Items listed in a dataset
★ ★ ★
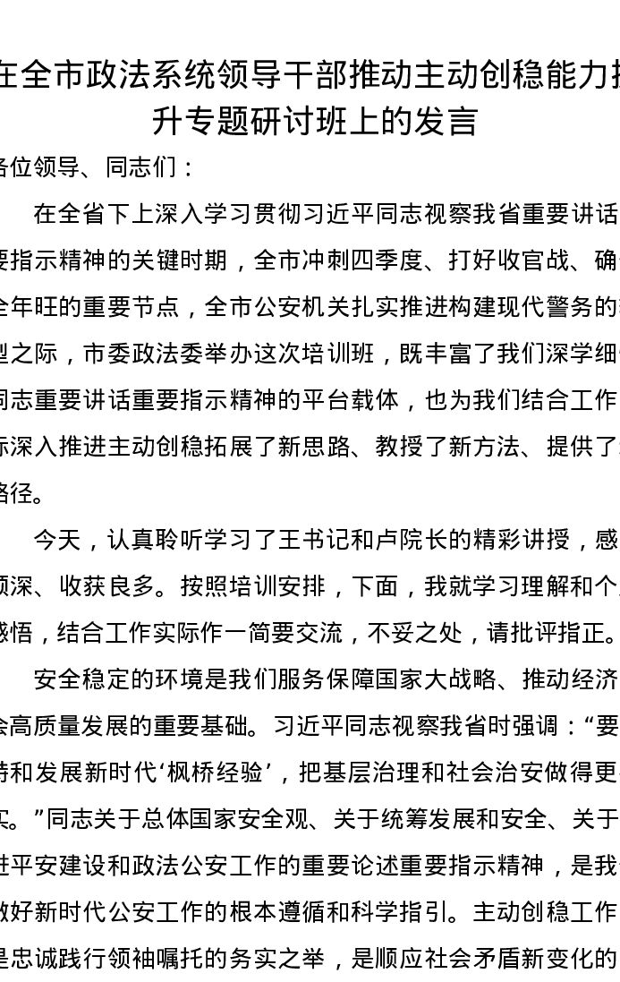 在全市政法系统领导干部推动主动创稳能力提升专题研讨班上的发言
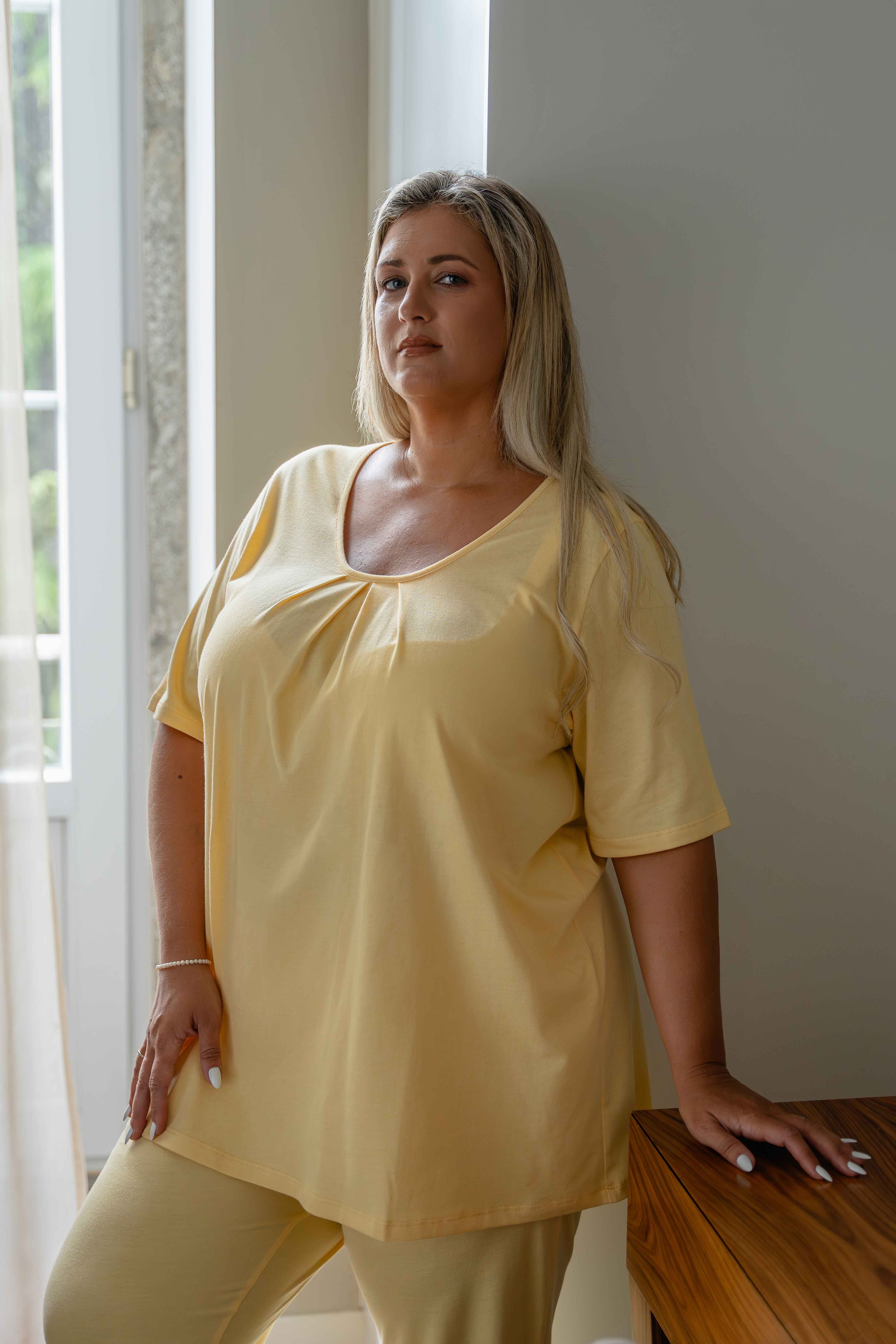 Pijama composto por t-shirt e corsário em malha lisa. Coleção: Primavera Verão Produto de desenho e fabrico próprio. Modelo: Altura 1.65m e está a vestir o tamanho 3XL. |
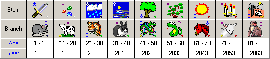 | Age | Major Cycle | Stem and Branches | Astrology Sign |
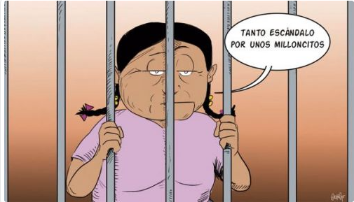 These cartoons displayed on Bolivian newspapers on 08/05/2016 expose Nemesia Achacollo, who has finally been brought to justice!
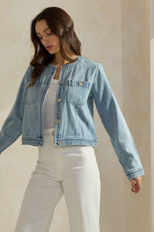 Elevate your casual wardrobe with the Gigi Denim Jacket, designed for effortless style and lasting comfort. Its classic cut pairs perfectly with any outfit, while durable denim ensures it stands up to everyday wear. Whether layered over a tee or dress, this jacket adds an instant cool, timeless edge to your look. Make this versatile staple your go-to outerwear for season after season.
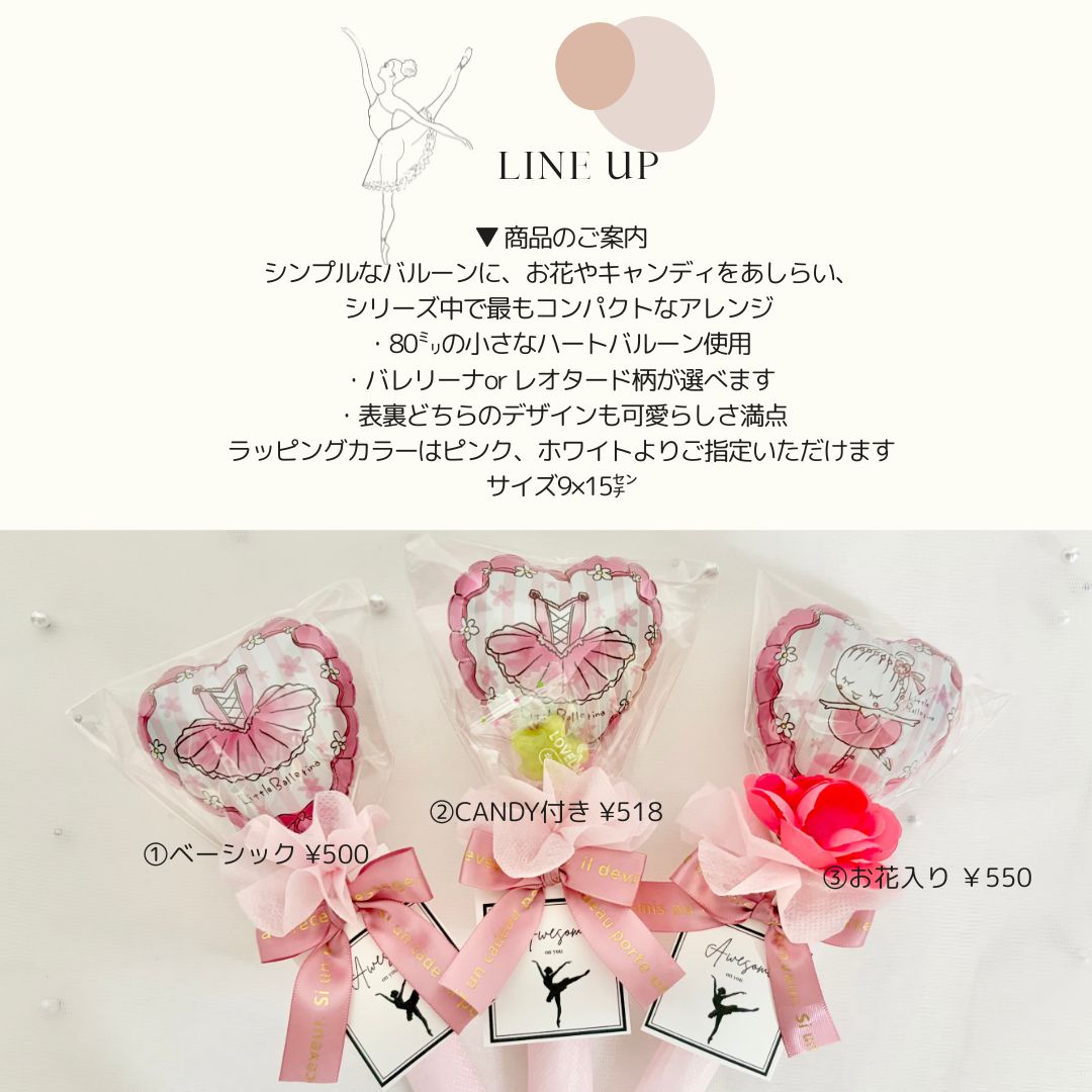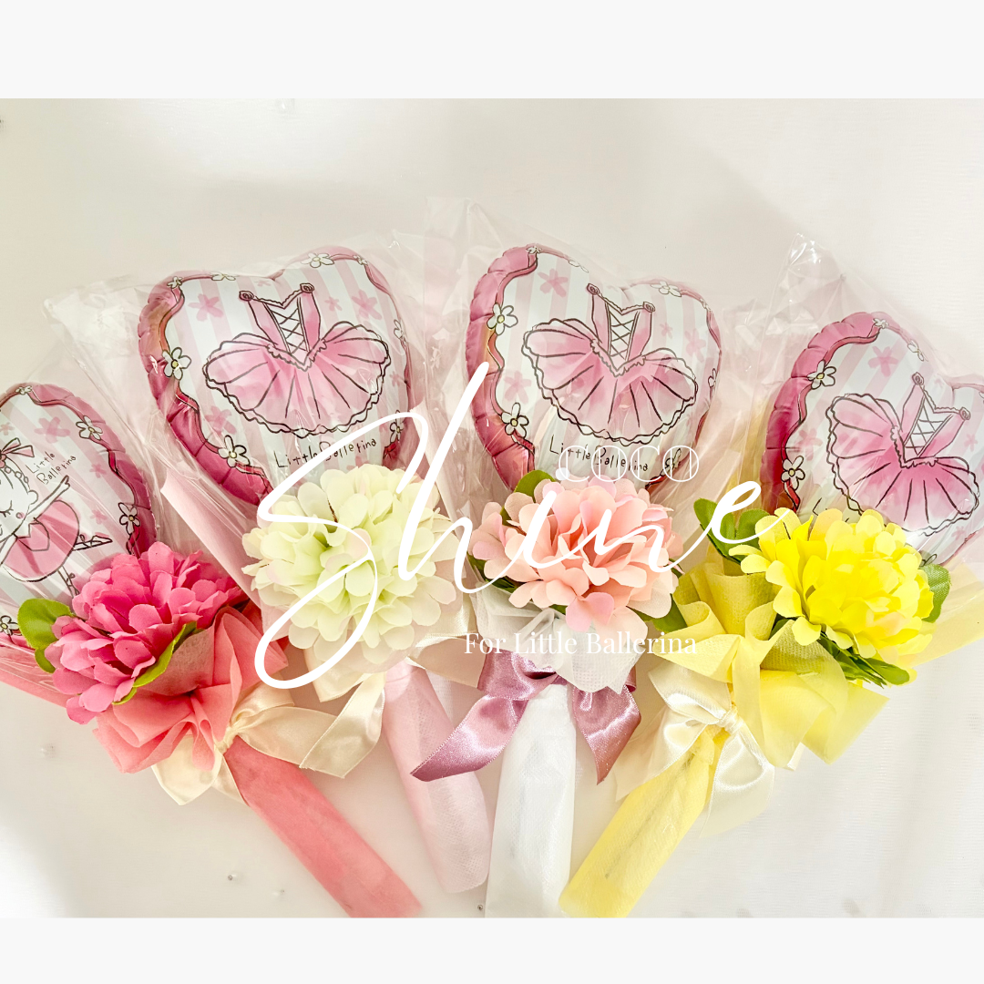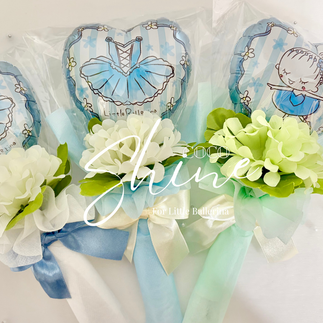 さりげない贈り物として取り入れやすく、発表会にふさわしい特別感のあるアレンジ。リバーシブル仕様のバレエモチーフバルーンが、表裏で異なる上質な印象を楽しませてくれます。ラッピングはフラワーリース柄の透明デザインペーパーを使用し、お手元にはふわふわラッピングペーパーを使用。
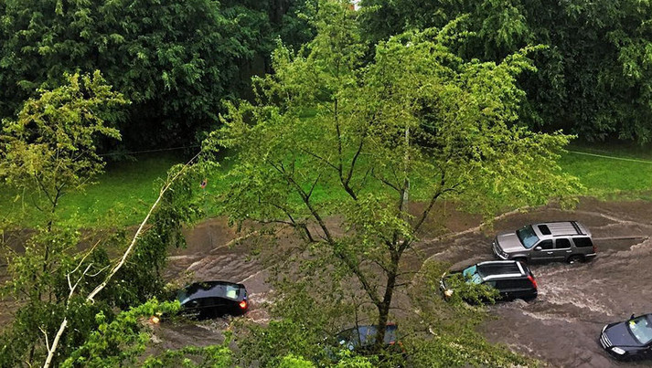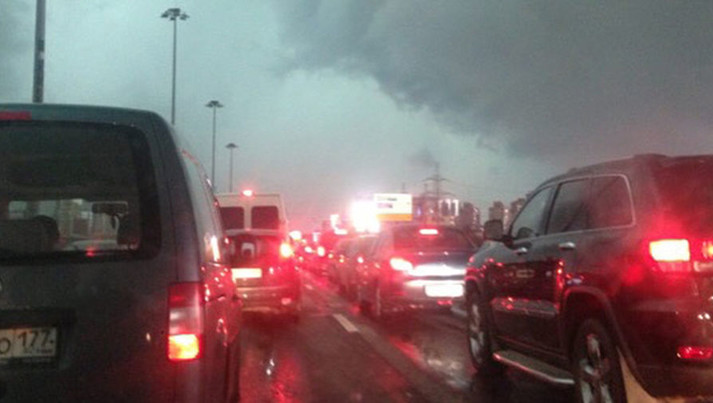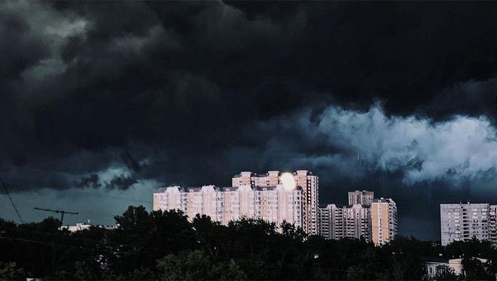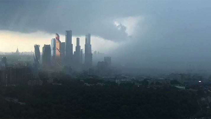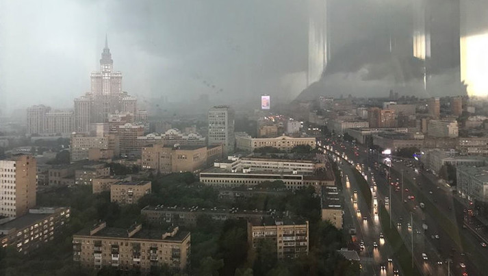 Столиця Росії потерпає від сильної зливи. Крім половини місячної норми опадів, у Москві гроза, град і шквалистий вітер
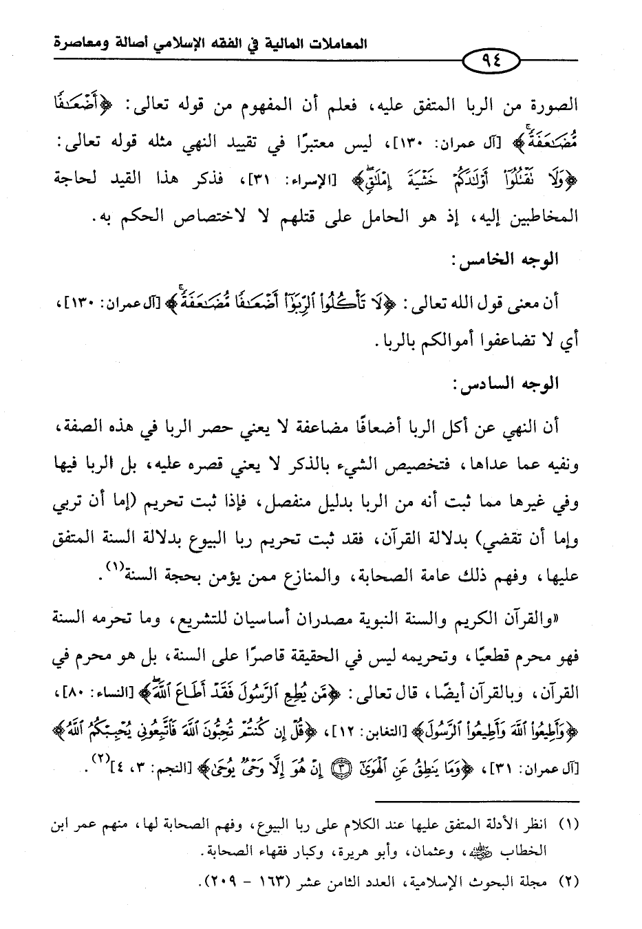 (¬١) انظر الأدلة المتفق عليها عند الكلام على ربا البيوع، وفهم الصحابة لها، منهم عمر ابن الخطاب - رضي الله عنه -، وعثمان، وأبو هريرة، وكبار فقهاء الصحابة.
★ ★ ★
WORK REQUEST
Retype the records above exactly, leaving every picture out of your copy.

ANSWER FOR THIS EXERCISE
 在全市政法系统领导干部推动主动创稳能力提升专题研讨班上的发言
 Pijama composto por t-shirt e corsário em malha lisa. Coleção: Primavera Verão Produto de desenho e fabrico próprio. Modelo: Altura 1.65m e está a vestir o tamanho 3XL. |
 | Age | Major Cycle | Stem and Branches | Astrology Sign |
 These cartoons displayed on Bolivian newspapers on 08/05/2016 expose Nemesia Achacollo, who has finally been brought to justice!
 Elevate your casual wardrobe with the Gigi Denim Jacket, designed for effortless style and lasting comfort. Its classic cut pairs perfectly with any outfit, while durable denim ensures it stands up to everyday wear. Whether layered over a tee or dress, this jacket adds an instant cool, timeless edge to your look. Make this versatile staple your go-to outerwear for season after season.
 さりげない贈り物として取り入れやすく、発表会にふさわしい特別感のあるアレンジ。リバーシブル仕様のバレエモチーフバルーンが、表裏で異なる上質な印象を楽しませてくれます。ラッピングはフラワーリース柄の透明デザインペーパーを使用し、お手元にはふわふわラッピングペーパーを使用。
 Столиця Росії потерпає від сильної зливи. Крім половини місячної норми опадів, у Москві гроза, град і шквалистий вітер
 (¬١) انظر الأدلة المتفق عليها عند الكلام على ربا البيوع، وفهم الصحابة لها، منهم عمر ابن الخطاب - رضي الله عنه -، وعثمان، وأبو هريرة، وكبار فقهاء الصحابة.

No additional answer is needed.